Lastly, today’s outing to a national park area called Terelj is worth mentioning. The wildly beautiful landscape, showing why Mongolia is called the Land of Blue Skies, the wild cattle of all colours along the way, and the interesting wooden bridges where vehicles passed that had dangerous-looking holes in their centres were some features of the ride there. The way into the site also had some life-size statues of dinosaurs, the ones I was saying lived in the Gobi Desert and had their own museum in UB. (Correction from last time: the Gobi was also home to some ancient peoples, not just dinoes. Nondas is asking about any possible connection with Jurassic Park, but I can assure you this could only be an early proto-type of those studio settings, however graceful they have done it.) Once there, my mother took up skiing with our ancient cross-country skis for about an hour by a frozen river and my father immersed himself in his usual newspapers in the café of a hotel on site, while the bodyguard, Hüseyin Bey (Mr. Hüseyin) and I rented horses to ride. The steppe horse, being smaller than most other types, haw a lower neck profile, too, so I was expecting any moment to slide forward down my horse’s neck and get trampled over.
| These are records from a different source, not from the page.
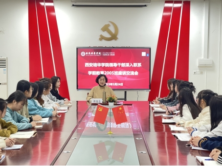 为贯彻落实《西安培华学院领导干部联系学生班级(团支部)实施办法(试行)的通知》要求。3月24日下午,西安培华学院学术委员会主席、副校长刘越莲教授与学前教育2005班在格物楼第四会议室深入开展座谈交流会。
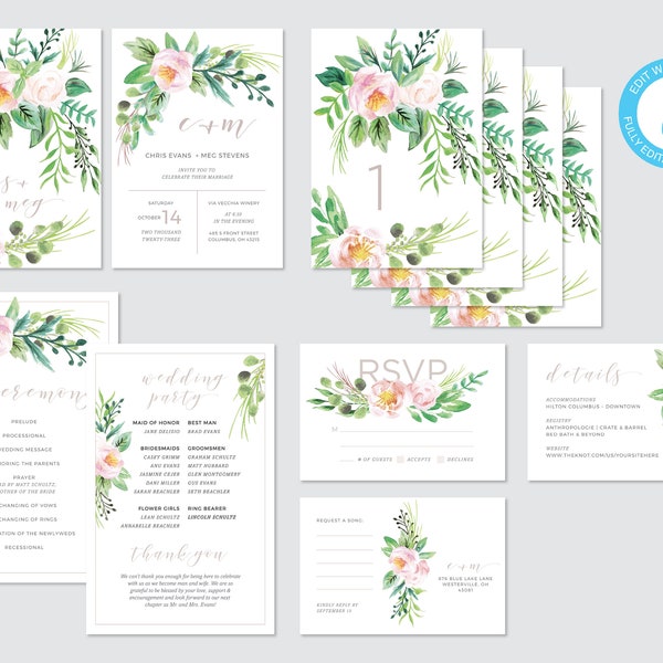 Editable Folding Thank You Card Template 4x6 Watercolor Florals Blush
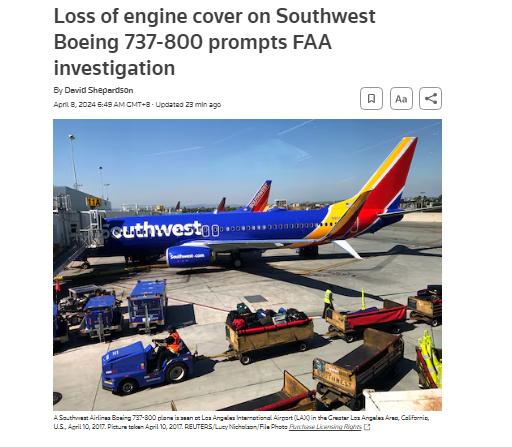 美國西南航空公司表示,維修團隊正在檢查出現事故的飛機。美國聯邦航空管理局稱,將對此事進行調查。
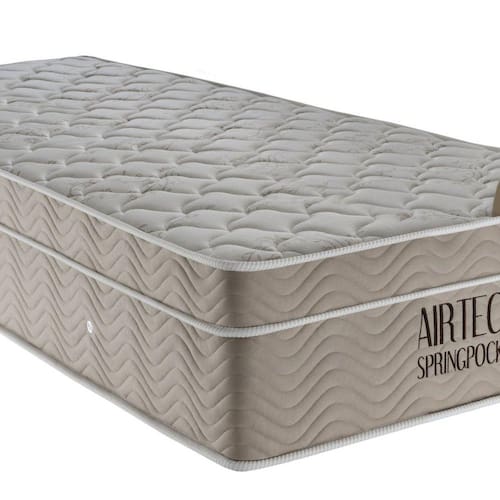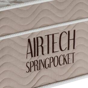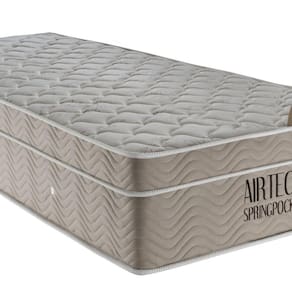 Colchão Airtech Spring Molas ensacadas Solteirão (108x198x30) - Estrutura em molas Superpocket, EPS, D26 Pró - Airtech. Novo Colchão Airtech Spring Molas ensacadas tem sua estrutura composta por Molas Superpocket ensacadas individualmente, que fazem o peso de um corpo não interferir no conforto do outro, proporcionando um perfeito suporte para a coluna e conforto para qualquer biótipo, possui Ortopillow e em sua camada de conforto espuma D26 Pró Aditivada de Alta Performance, bordado em matelassê e placa EPS. Seu tampo é em malha de alta qualidade e lateral em Camuça, apresentando um toque refinado ao Colchão. Possui a tecnologia No Turn, que dispensa a necessidade de virar o Colchão. O Airtech Spring Molas ensacadas recebe tratamento antialérgico e antiácaro, ajudando a reduzir os problemas respiratórios. Ideal para suas confortáveis noites de sono. Estrutura em molas Superpocket (ensacadas individualmente), placa EPS, Ortopillow, tampo em malha, bordado em Matelassê, manta de espuma D26 Pró, faixa lateral em Camurça, No Turn (não precisa virar), tratamento antialérgico e antiácaro. -Estrutura Interna: Molas Superpocket, placa EPS, Espuma D26 Pró de Alta Performance. -Estrutura externa: Tampo em Malha e feixa lateral em Camurça -Cor: Branco com lateral Bege -Altura: 0,3m -Largura: 1,08m -Comprimento: 1,98m -Peso: 34,2144kg -Capacidade de suporte: 120kg por pessoa -Acompanha: 1 Colchão Airtech Manual -Este produto possui 1 volume Cuidados: 1. Não coloque seu Colchão sobre estrado inteiriço exceto se utilizado sobre um box. Para melhor durabilidade utilize um box Ortobom. 2. Mensalmente escove e aspire seu Colchão, mantendo-o sempre limpo. 3. Não utilize ferro de passar roupas, secador de cabelos e outra fonte de calor ou vapor sobre o Colchão. 4. Para melhor conservação do produto utilize sempre um protetor de Colchão Ortobom. 5. Nunca dobre ou amasse o Colchão. 6. A cada 3 meses gire o Colchão lateralmente e de baixo para cima (com excessão dos colchões com tecnologia No Turn). Garantia: 12 Meses contra defeitos de fabricação
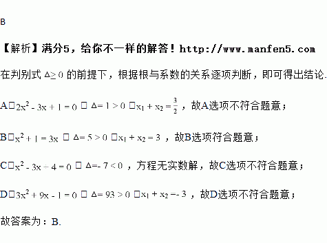 两个实根之和为的一元二次方程是( )
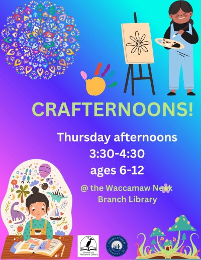 Waccamaw Neck Library 41 St Paul Place, Pawleys Island, SCJoin us Thursdays in January from 3:30-4:30 pm in the Children's Area for hands-on art projects for ages 6-12. For more information call 843-545-3349.
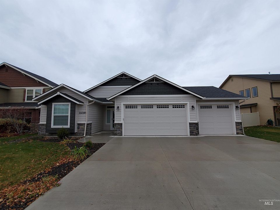 Beautiful, 1-level home on Nampa's west side! Like-new 3-bedroom home with 3-car garage! Quality, custom construction with Granite counters, upgraded appliances, gas range, and ceramic tile! Nice Mud-room separate from utility! Full window coverings, full-gutters, storm doors, exterior window shades, and vinyl privacy fenced yard. Double gate for potential RV PArking! 2-year old home is better than new! Community park with playground and lots of open space!
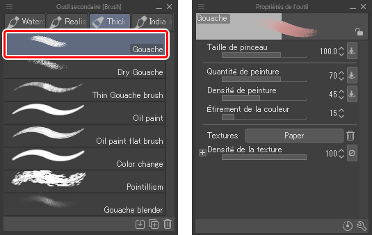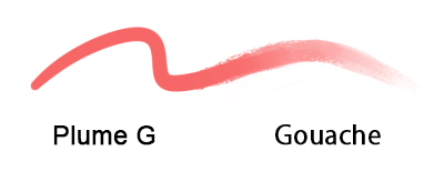 ④ Utilisez l’outil [Gouache] pour mélanger et unifier l’ombre appliquée avec la [Plume G] avec le reste de votre peinture.
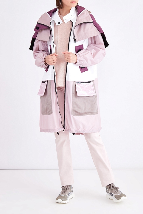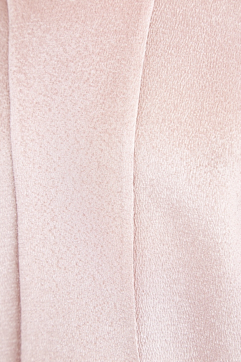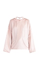 Эффектная блузка свободного кроя из весенне-летней коллекции Valentino создана из тисненой ткани ламе в серебристо-розовом оттенке. Нежное мерцание материалу придают волокна люрекса и оригинальная текстура. Изделие со спущенной линией плеч и длинными рукавами декорировано воротником-халтером поверх округлого выреза декольте с застежкой на пуговицу. Объемный шов по кромкам рукавов и прострочка двойной иглой по нижнему краю завершают образ в стиле спортшик. Сделано в Италии.
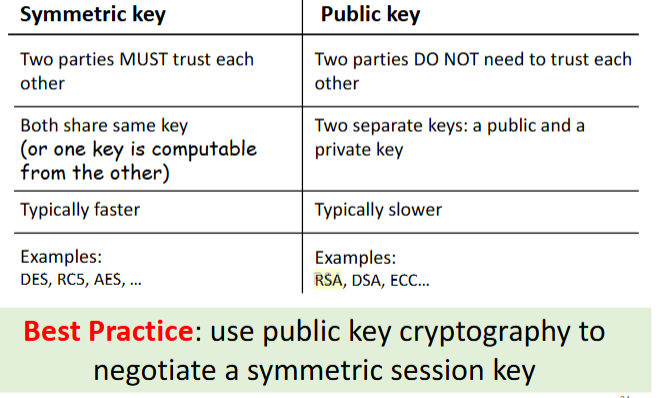 - asymmetric: Private/public key TLS handshake, slower
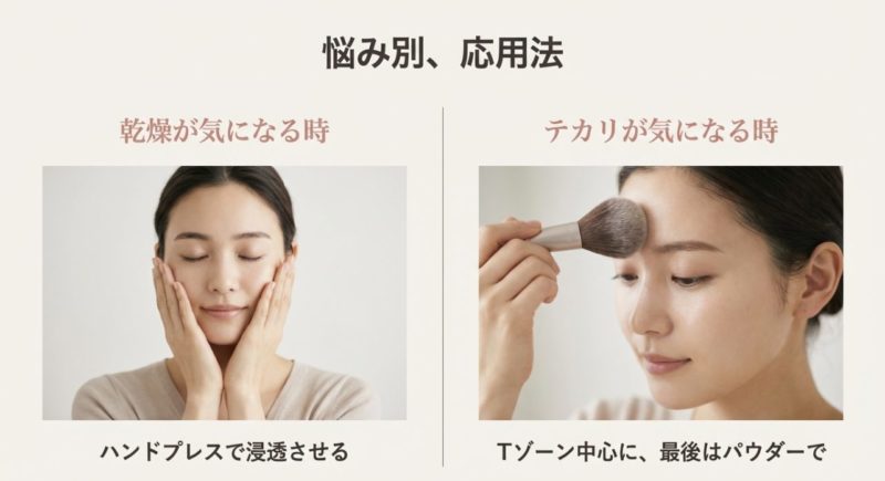 | テカりやすい | 軽め・さっぱり | 部分リセット用に少量 | Tゾーンは基本使いすぎ注意 |
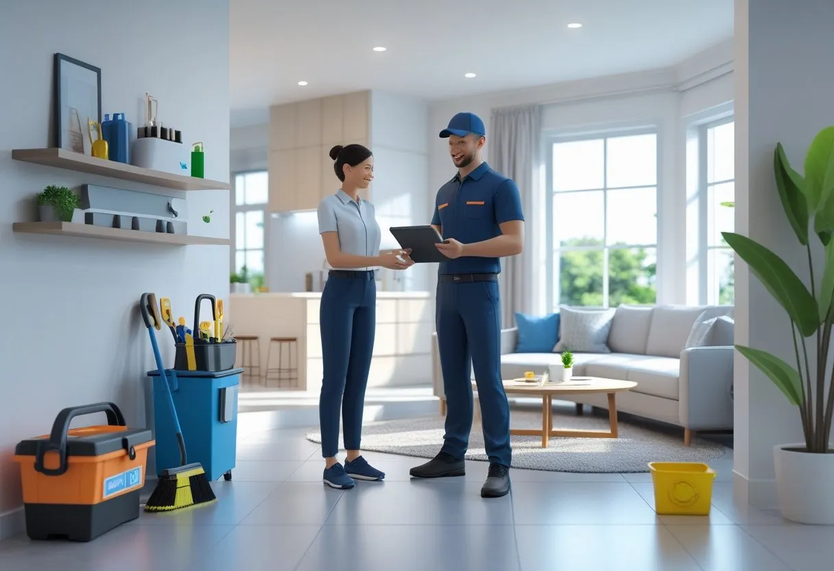 A homeowner receiving a checklist from a home service professional inside a bright, tidy living room with tools and smart home devices visible.

But they were quite docile, except in their great stubbornness to eat all the bushes and grasses peering over the snow and not pay any attention to our ‘let’s go’ signals! Once they listened to us and started going at trot, though, not even the Russian, ‘normal’ style saddles, as opposed to wooden Mongolian ones on which you DON’T sit but STAND, could save our backs from being pounded violently up and down, and right now as I write this, my inner thighs and bottom are QUITE sore! Well, that was enough a ‘taste of the authentic life’ for us ‘tourists’ here.
And that seems about the right place to stop for sufficient weekly news from here. This one may have turned out even longer, if so, excusez-moi s’il vous plait! Au revoir chers amis. Have a nice day. Regards, Ege.